» Brief: Pictures in the entries below are excluded; copy only the lines from the one containing "合肥市庐阳区2020~202" to the one containing "Les dinosaures tiennent", both included.

» Data:

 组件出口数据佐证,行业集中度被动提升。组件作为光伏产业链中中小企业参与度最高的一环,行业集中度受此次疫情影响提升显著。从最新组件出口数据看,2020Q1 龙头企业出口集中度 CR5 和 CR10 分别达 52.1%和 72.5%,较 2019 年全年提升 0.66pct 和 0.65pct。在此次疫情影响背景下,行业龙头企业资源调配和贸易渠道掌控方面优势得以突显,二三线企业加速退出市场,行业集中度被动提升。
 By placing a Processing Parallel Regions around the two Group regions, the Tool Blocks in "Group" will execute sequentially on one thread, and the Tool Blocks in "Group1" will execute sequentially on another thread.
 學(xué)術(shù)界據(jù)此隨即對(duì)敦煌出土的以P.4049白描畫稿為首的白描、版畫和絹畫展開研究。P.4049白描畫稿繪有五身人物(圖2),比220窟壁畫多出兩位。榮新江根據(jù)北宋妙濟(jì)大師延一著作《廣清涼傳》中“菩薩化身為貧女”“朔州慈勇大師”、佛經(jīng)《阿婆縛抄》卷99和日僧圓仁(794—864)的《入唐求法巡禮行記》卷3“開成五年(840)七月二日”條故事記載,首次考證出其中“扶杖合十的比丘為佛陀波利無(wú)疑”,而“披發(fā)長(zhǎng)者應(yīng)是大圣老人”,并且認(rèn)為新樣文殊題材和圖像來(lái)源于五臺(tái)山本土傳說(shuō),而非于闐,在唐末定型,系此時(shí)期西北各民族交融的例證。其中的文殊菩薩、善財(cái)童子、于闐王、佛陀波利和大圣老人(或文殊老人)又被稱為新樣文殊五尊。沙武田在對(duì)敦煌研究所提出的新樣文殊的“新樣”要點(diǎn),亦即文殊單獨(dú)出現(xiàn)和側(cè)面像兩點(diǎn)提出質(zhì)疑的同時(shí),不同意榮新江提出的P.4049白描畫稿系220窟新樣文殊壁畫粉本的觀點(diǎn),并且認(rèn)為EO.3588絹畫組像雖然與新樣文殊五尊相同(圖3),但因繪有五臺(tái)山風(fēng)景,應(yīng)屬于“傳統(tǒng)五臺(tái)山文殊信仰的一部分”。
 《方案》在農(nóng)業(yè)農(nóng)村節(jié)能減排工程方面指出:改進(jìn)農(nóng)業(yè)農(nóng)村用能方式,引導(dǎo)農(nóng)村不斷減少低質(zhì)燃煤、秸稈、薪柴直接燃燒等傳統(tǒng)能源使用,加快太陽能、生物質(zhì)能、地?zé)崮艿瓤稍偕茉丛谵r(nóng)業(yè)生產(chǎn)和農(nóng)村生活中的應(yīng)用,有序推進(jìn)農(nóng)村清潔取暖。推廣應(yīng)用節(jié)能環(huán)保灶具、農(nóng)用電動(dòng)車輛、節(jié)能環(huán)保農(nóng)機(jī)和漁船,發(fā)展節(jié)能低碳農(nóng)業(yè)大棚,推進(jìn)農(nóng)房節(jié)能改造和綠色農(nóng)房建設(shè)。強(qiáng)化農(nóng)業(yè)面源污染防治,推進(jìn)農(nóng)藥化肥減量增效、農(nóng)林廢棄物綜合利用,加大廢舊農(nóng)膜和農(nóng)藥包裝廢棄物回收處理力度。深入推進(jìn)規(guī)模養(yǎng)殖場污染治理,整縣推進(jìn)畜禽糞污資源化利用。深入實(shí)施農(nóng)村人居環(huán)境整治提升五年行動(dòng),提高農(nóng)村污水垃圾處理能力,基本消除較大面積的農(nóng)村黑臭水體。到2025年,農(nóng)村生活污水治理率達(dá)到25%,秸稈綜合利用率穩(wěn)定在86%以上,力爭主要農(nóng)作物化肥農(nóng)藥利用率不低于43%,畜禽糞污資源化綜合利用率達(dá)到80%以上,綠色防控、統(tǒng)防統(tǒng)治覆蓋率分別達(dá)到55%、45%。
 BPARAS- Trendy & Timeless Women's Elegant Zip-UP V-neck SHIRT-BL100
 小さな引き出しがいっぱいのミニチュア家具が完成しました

* * *

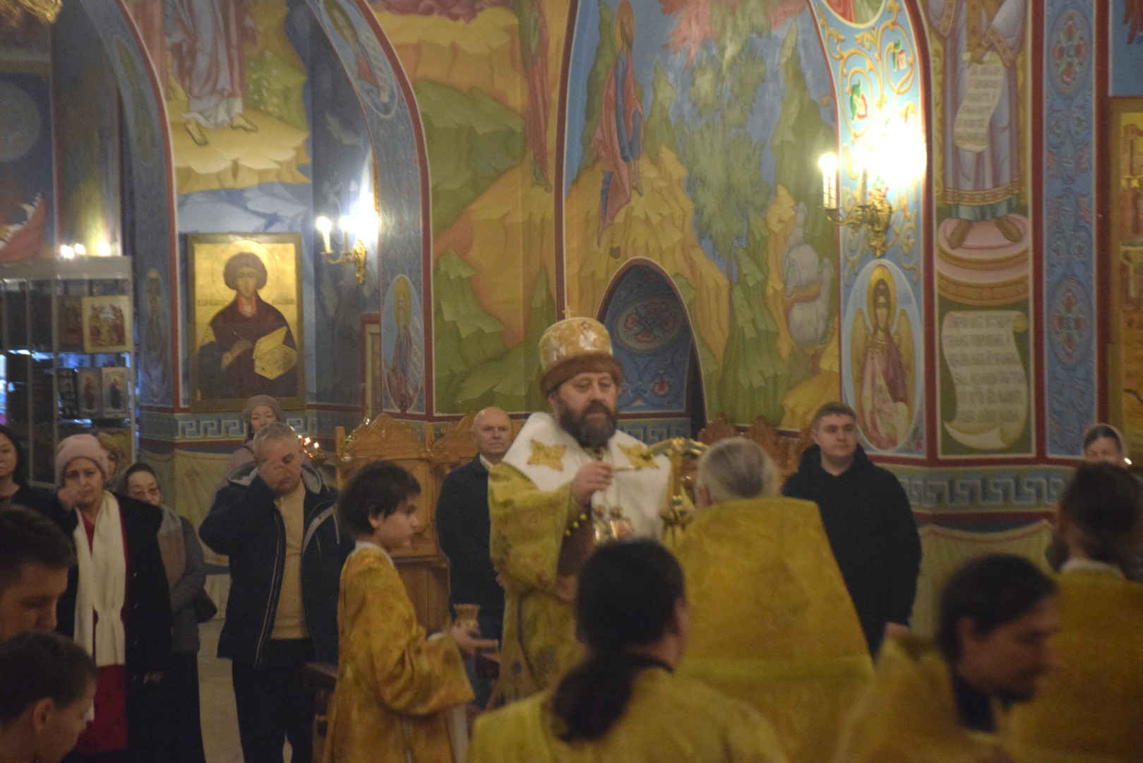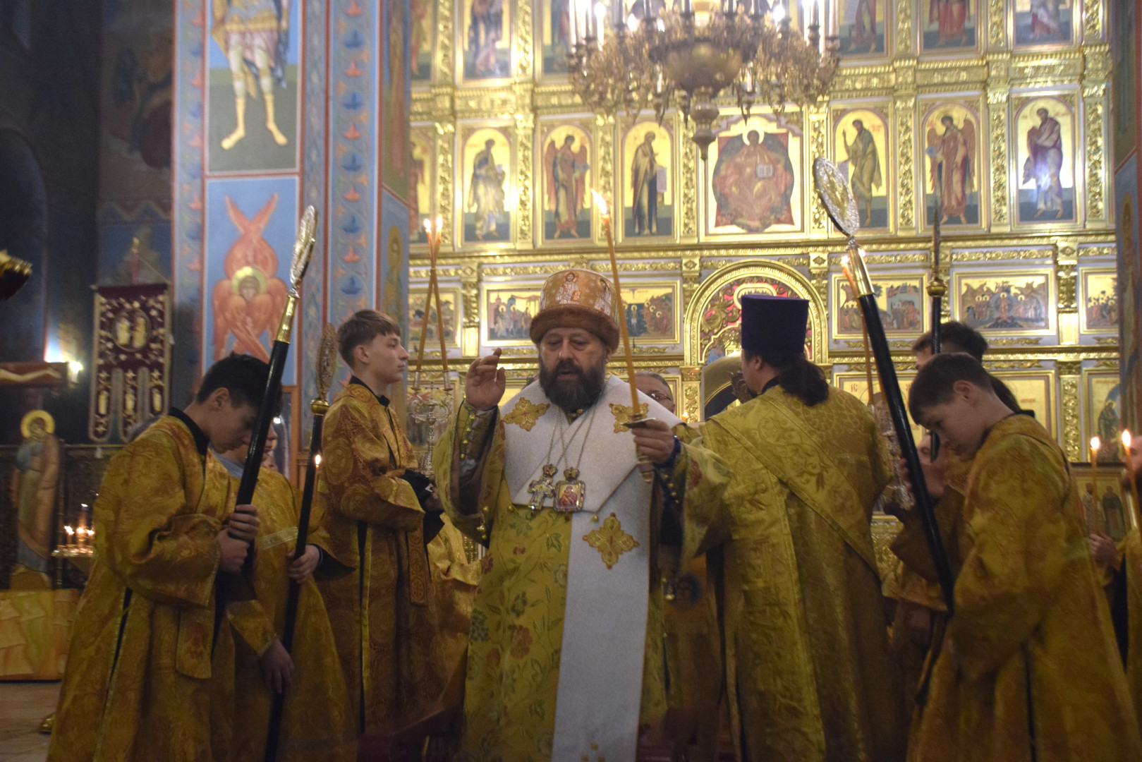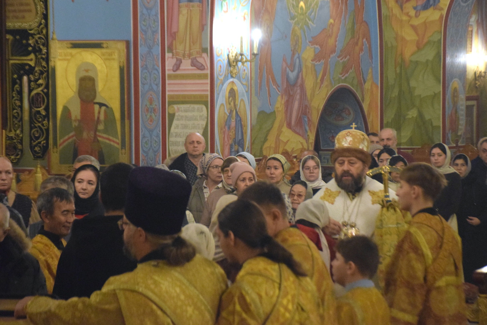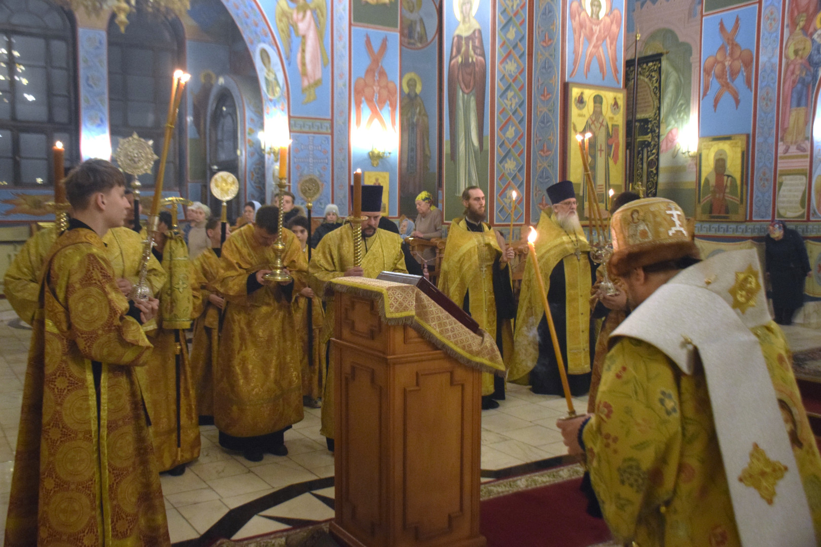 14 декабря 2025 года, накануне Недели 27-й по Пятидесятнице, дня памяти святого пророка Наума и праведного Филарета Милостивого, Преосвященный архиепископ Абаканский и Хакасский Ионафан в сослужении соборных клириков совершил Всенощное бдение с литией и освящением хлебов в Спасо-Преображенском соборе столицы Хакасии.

...

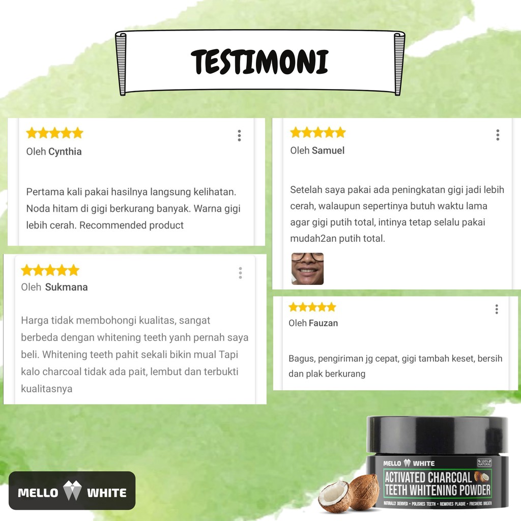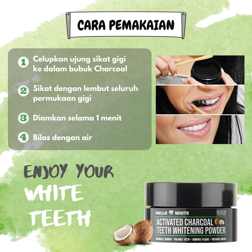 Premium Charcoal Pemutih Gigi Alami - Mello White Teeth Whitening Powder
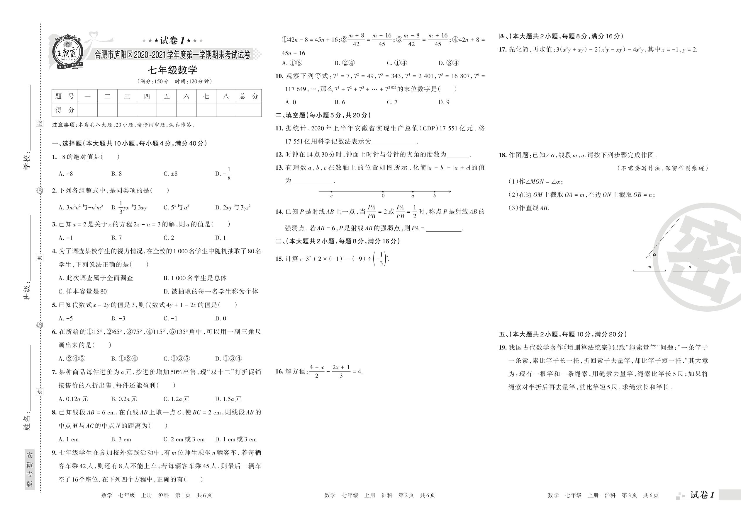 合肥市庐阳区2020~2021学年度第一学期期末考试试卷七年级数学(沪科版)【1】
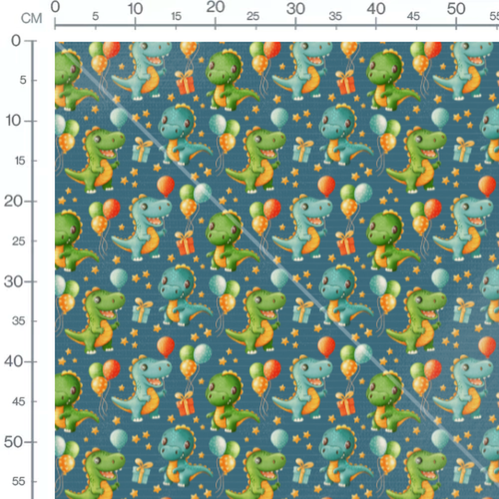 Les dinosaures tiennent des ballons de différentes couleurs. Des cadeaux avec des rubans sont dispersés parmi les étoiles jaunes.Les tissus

» Solution for this problem:
 合肥市庐阳区2020~2021学年度第一学期期末考试试卷七年级数学(沪科版)【1】
 Les dinosaures tiennent des ballons de différentes couleurs. Des cadeaux avec des rubans sont dispersés parmi les étoiles jaunes.Les tissus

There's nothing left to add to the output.